Здесь никто не жил. Я попытался вернуться к въезду, но поселок был выстроен наподобие старых лабиринтов из живой изгороди – сплошные тупики и крутые повороты, – и мы почти сразу заблудились. Я ощутил легкий укол паники. Терпеть не могу терять ориентиры.
На перекрестке я притормозил – рефлекторно, вряд ли кто-то выскочил бы мне под колеса, – и во внезапной тишине мы услышали утробный рокот моря. Ричи вскинул голову:
– Что это?
Короткий, истошный, надрывный вопль повторялся снова и снова, настолько регулярно, что казался механическим. Он разносился через вскопанную землю и бетон и отскакивал от незаконченных стен, так что мог исходить откуда угодно или отовсюду. Насколько я мог судить, этот вопль и гул моря были единственными звуками в поселке.
– Готов поспорить, что это сестра, – сказал я.
Ричи глянул на меня так, словно я вешаю ему лапшу.
– Это лиса или какой-то еще зверь. Может, ее переехала машина.
– А я-то думал, ты тертый калач, повидал изнанку жизни. Готовься, Ричи, тебя ждут неизгладимые впечатления.
Я опустил окно и поехал на звук. Несколько раз эхо сбило меня с курса, но дом мы узнали с первого взгляда. С одной стороны проезда Оушен-Вью аккуратно, словно костяшки домино, парами стояли чистенькие белые дома с эркерами, а с другой тянулись строительные леса и валялся мусор. Между костяшками, над стеной поселка, шевелились обрывки серого моря. Перед некоторыми домами стояли одна-две машины, а у одного – целых три: белый хэтчбек “вольво”, на котором не хватало только надписи “Семейный”, видавший виды желтый “фиат-сеиченто” и полицейский автомобиль. Вдоль низкой садовой ограды была натянута сине-белая оградительная лента.
Я не шутил, когда говорил Ричи, что в нашем деле важно все – даже то, как открываешь дверцу автомобиля. Еще прежде, чем я скажу первое слово свидетелю или подозреваемому, он должен понять: прибыл Мик Кеннеди и у него все схвачено. Кое в чем мне повезло: я симпатичный (уж поверьте на слово), высокий, еще не облысел, и мои волосы по-прежнему на девяносто девять процентов каштановые. Все это располагает в мою пользу, а остальное добыто ценой опыта и многолетнего усердного труда. Я до последней секунды не сбрасывал скорость, потом ударил по тормозам, одним махом выскочил из машины, прихватив портфель, и быстрым энергичным шагом направился к дому. Однажды Ричи научится не отставать.

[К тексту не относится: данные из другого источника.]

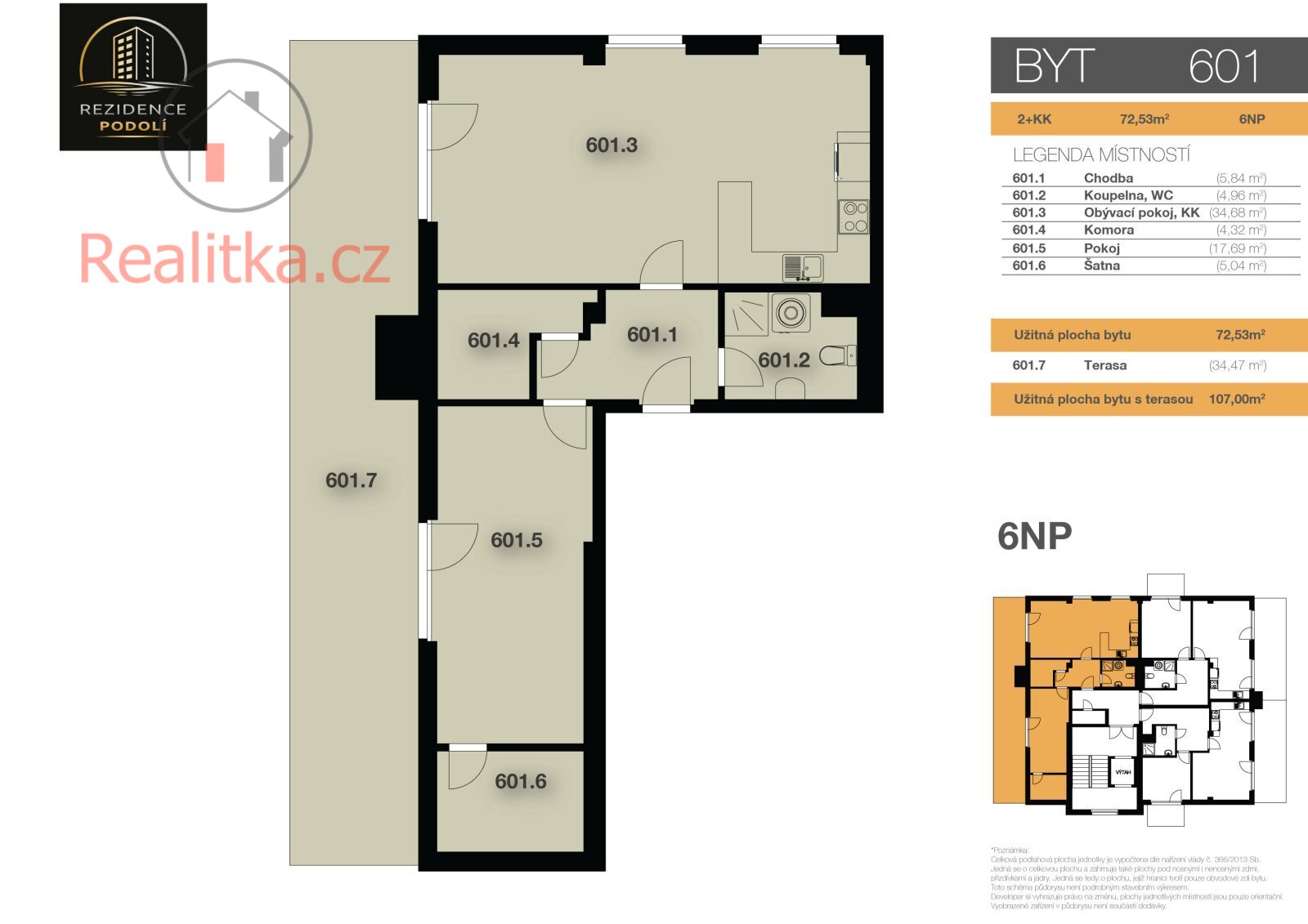 Exkluzivně nabízíme k prodeji nový byt o dispozici 2+kk s terasou o celkové výměře 107 m2 situovaný v moderním projektu Rezidence Podolí. Jednotka se nachází se v 6. nadzemním podlaží a je tvořena vstupní halou, obývacím pokojem,ložnicí, koupelnou s WC a terasou (34 m2).

Один из полицейских неуклюже сидел на корточках рядом со своей машиной и пытался успокоить человека на заднем сиденье, который, безусловно, и был источником воплей. Второй нервно расхаживал перед воротами, сцепив руки за спиной. Воздух – свежий, сладко-соленый, отдающий морем и полями – был холоднее, чем в Дублине. Среди строительных лесов и голых балок вяло посвистывал ветер.

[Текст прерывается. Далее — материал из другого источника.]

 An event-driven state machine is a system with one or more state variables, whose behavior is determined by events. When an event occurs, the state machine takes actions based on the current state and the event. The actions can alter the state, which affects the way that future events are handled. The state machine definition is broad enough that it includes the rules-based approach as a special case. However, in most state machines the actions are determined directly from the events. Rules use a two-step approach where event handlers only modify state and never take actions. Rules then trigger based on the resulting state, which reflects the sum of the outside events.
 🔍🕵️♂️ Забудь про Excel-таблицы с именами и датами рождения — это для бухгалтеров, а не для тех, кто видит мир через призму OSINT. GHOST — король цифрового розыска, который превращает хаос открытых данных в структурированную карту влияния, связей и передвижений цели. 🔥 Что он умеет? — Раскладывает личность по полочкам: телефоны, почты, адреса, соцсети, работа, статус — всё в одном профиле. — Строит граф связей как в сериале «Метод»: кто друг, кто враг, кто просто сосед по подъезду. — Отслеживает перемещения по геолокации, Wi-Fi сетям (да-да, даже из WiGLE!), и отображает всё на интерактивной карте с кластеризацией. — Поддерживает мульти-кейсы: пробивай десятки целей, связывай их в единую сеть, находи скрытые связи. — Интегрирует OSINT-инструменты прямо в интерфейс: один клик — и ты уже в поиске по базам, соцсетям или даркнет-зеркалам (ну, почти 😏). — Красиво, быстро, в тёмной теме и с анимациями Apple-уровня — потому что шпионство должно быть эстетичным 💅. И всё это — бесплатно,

Тот, что расхаживал, был моего возраста, уже с брюшком. Вид у него был такой, словно его пришибли пыльным мешком, – очевидно, прослужил лет двадцать, не сталкиваясь ни с чем подобным, и надеялся спокойно прослужить еще столько же.
– Патрульный Уолл. У машины патрульный Мэллон, – сказал он.

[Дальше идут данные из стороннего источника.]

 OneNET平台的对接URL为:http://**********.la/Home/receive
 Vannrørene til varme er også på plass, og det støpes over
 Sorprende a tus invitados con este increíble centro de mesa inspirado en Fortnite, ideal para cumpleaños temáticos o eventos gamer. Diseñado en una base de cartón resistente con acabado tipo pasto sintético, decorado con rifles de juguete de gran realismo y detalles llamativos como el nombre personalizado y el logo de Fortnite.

Ричи с щенячьим дружелюбием протянул ему руку.
– Детектив-сержант Кеннеди и детектив Курран, – представил нас я, прежде чем Ричи начал набиваться Уоллу в друзья. – Вы заходили в дом?
– Только когда приехали, но сразу вышли и позвонили вам.
– Верное решение. Теперь рассказывайте в подробностях, что делали, от входа до выхода.
Патрульный бросил взгляд на дом, словно не мог поверить, что всего пару часов назад прибыл именно сюда.
– Нас вызвали проверить, все ли в порядке, – сестра жилицы волновалась. Мы подъехали к дому в начале двенадцатого и попытались связаться с жильцами, звоня в дверь и по телефону, однако ответа не получили. Следов взлома не заметили, но, когда заглянули в переднее окно, увидели, что на первом этаже горит свет, а в гостиной беспорядок. Стены…
– Через минуту мы сами увидим этот беспорядок. Продолжайте. – Нельзя, чтобы кто-то подробно описывал тебе место преступления, на котором ты еще не был, иначе увидишь то же, что и он.
– Ладно. – Патрульный моргнул, помолчал, собираясь с мыслями. – В общем, так. Мы хотели обойти дом, но, сами видите, тут и ребенку не протиснуться. (И правда: расстояния между домами едва хватало для ограды.) Мы рассудили, что беспорядок и беспокойство сестры – достаточное основание для взлома входной двери. Мы обнаружили…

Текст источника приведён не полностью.